Blog
27 May 2021
Andrey Babushkin, software engineer

Failure stories #2. How to destroy Elasticsearch while migrating it within Kubernetes

Our internal production infrastructure has a not too critical part which we use for testing various technical solutions, including different Rook versions for stateful applications. At the time of events described in this article, this part of the infrastructure was running Kubernetes 1.15, and we decided to upgrade it.

The Rook operator v0.9 provisioned persistent volumes in the cluster. What made matters worse was that the Helm release of this old operator contained resources with deprecated API versions, holding us back from upgrading the cluster. We didn’t want to upgrade Rook in the running cluster, so we decided to “dismantle” it manually.

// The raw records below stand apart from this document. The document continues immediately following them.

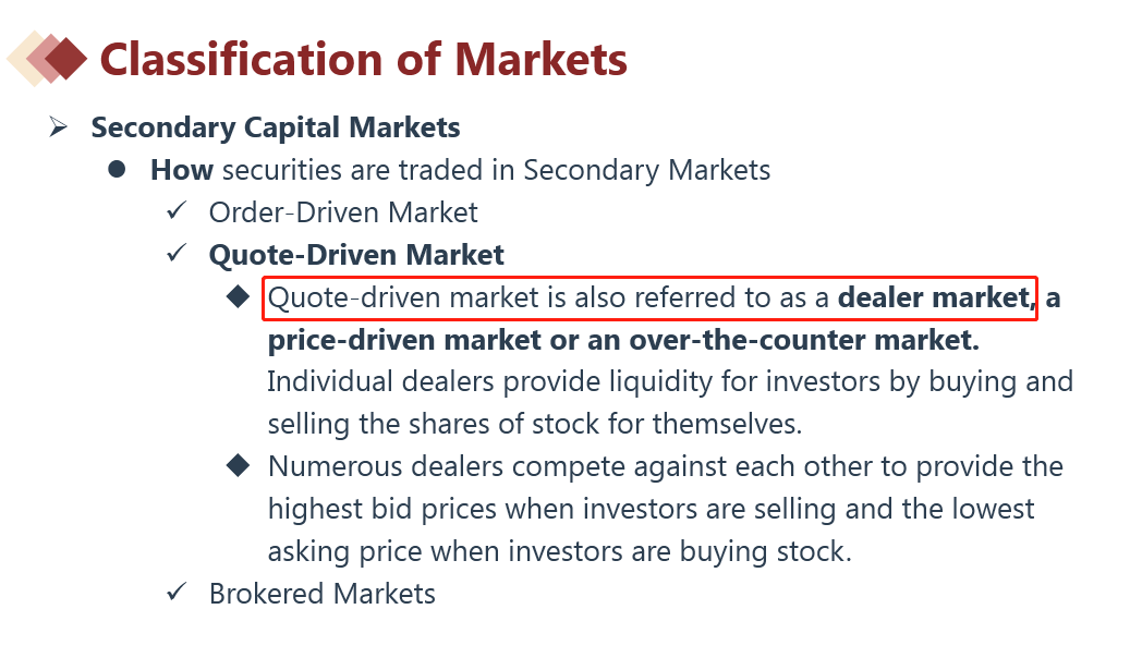 这是基本概念哦,quote driven market又叫dealer market,是由做市商主导的,通过做市商报价驱动的市场。
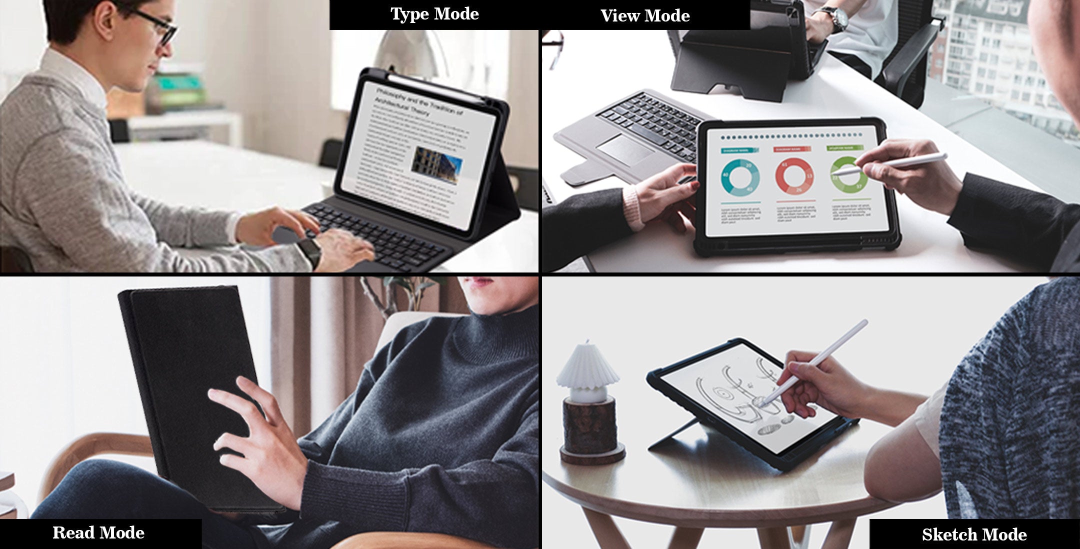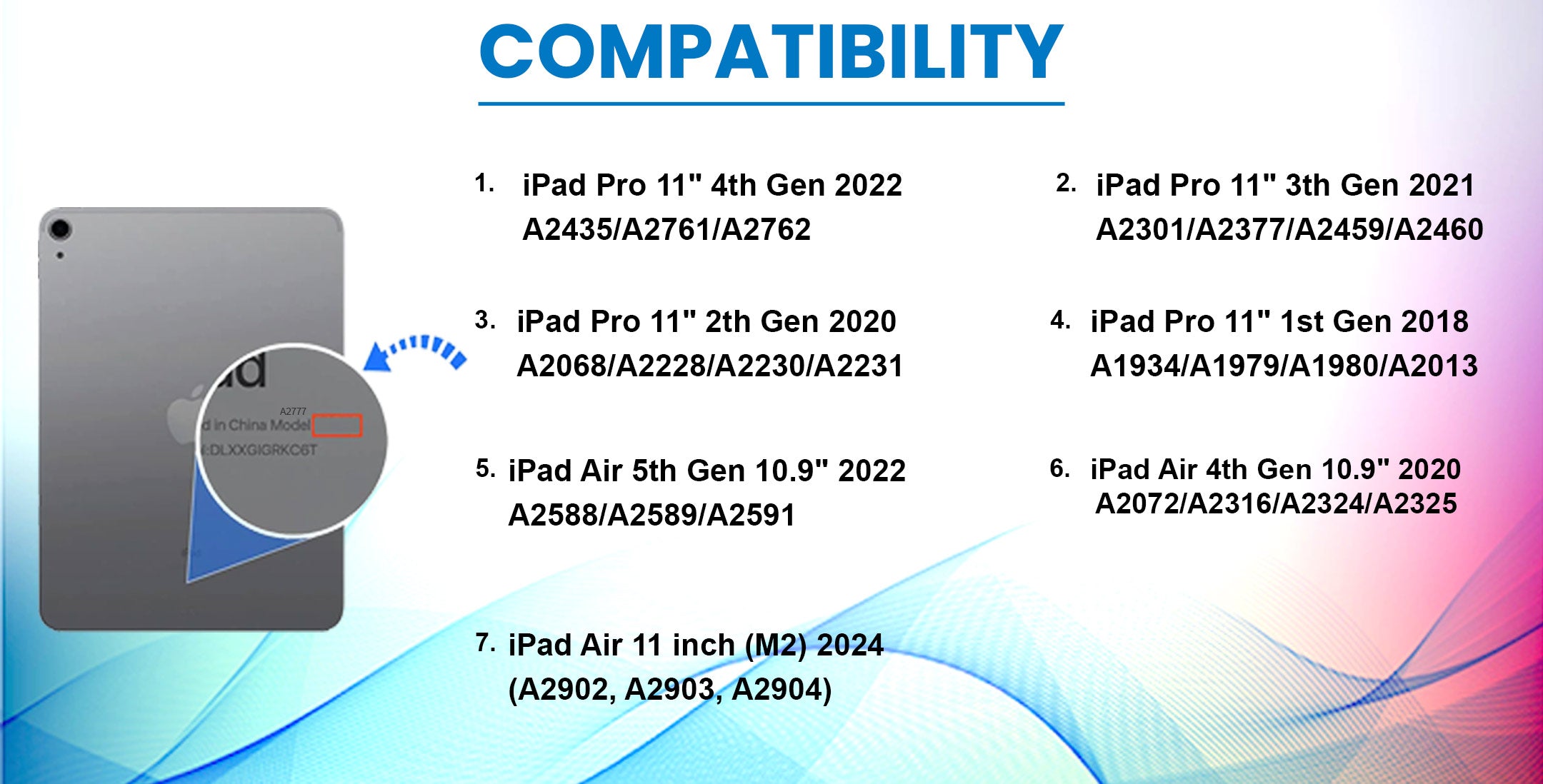 This 3-in-1 keyboard case and transparent cover are specifically tailored for the iPad Air 11 M3 2025 (A3268, A3269, A3271), M2 2024 (A2902, A2903, A2904), iPad Pro 11” (2022 4th Gen) (3rd Gen 2021) (2020 2nd Gen) (2018 1st Gen), iPad Air 10.9” (5th Gen, 2022) (4th Gen, 2020). Easily transform your iPad into a laptop by magnetically attaching it to the back cover, connecting the wireless keyboard, and placing your stylus Pencil on top. Enjoy multiple viewing angles with its 360-degree rotating design and adjustable stand options. The built-in multi-gesture trackpad allows for seamless navigation, while the sturdy construction provides ultimate protection against shocks and drops. Portable and convenient, it's perfect for work, study, or entertainment on the go.
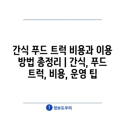 간식 푸드 트럭 비용과 이용 방법 총정리 | 간식, 푸드 트럭, 비용, 운영 팁

Caution! It is a failure story: do not repeat the steps described below in production without reading carefully to the very end!

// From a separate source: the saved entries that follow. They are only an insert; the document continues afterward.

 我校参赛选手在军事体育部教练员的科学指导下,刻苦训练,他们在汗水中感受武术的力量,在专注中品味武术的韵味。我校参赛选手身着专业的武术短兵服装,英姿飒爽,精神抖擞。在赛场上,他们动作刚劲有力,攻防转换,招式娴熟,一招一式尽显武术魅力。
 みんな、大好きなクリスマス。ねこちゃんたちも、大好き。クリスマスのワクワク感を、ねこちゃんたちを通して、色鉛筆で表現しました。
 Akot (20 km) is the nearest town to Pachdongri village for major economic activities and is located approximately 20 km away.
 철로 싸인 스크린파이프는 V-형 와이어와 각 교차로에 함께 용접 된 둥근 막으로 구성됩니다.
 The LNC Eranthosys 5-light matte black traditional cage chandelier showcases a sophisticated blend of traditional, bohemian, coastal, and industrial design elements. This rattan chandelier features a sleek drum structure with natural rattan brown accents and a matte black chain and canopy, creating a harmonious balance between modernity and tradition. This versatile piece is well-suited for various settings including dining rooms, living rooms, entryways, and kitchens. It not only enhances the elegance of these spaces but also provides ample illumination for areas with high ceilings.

Well, for a few hours, we were successfully moving data to storage having StorageClasses not managed by Rook…

Migrating Elasticsearch data “without” downtime

… and then it was the turn of the 3-nodes Elasticsearch cluster deployed in Kubernetes:

~ $ kubectl -n kibana-production get po | grep elasticsearch
elasticsearch-0                               1/1     Running     0         77d2h
elasticsearch-1                               1/1     Running     0         77d2h
elasticsearch-2                               1/1     Running     0         77d2h

We decided to move it to new PVs without downtime. We thoroughly verified the ConfigMap configuration and did not expect any surprises. Well, our migration plan involves several potentially dangerous twists that may lead to an incident if some of the K8s cluster nodes become unreachable… Anyway, these nodes are running fine and I’ve done this a zillion times before, haven’t I? So let’s dive in!

Here are our steps to reach the goal.

1. Make changes to the StatefulSet in the Elasticsearch’s Helm chart (es-data-statefulset.yaml):

apiVersion: apps/v1
kind: StatefulSet
metadata:
  labels:
    component: {{ template "fullname" . }}
    role: data
  name: {{ template "fullname" . }}
spec:
  serviceName: {{ template "fullname" . }}-data
…

 volumeClaimTemplates:
  - metadata:
      name: data
      annotations:
        volume.beta.kubernetes.io/storage-class: "high-speed"

Note that the last line has the high-speed value which was rbd before.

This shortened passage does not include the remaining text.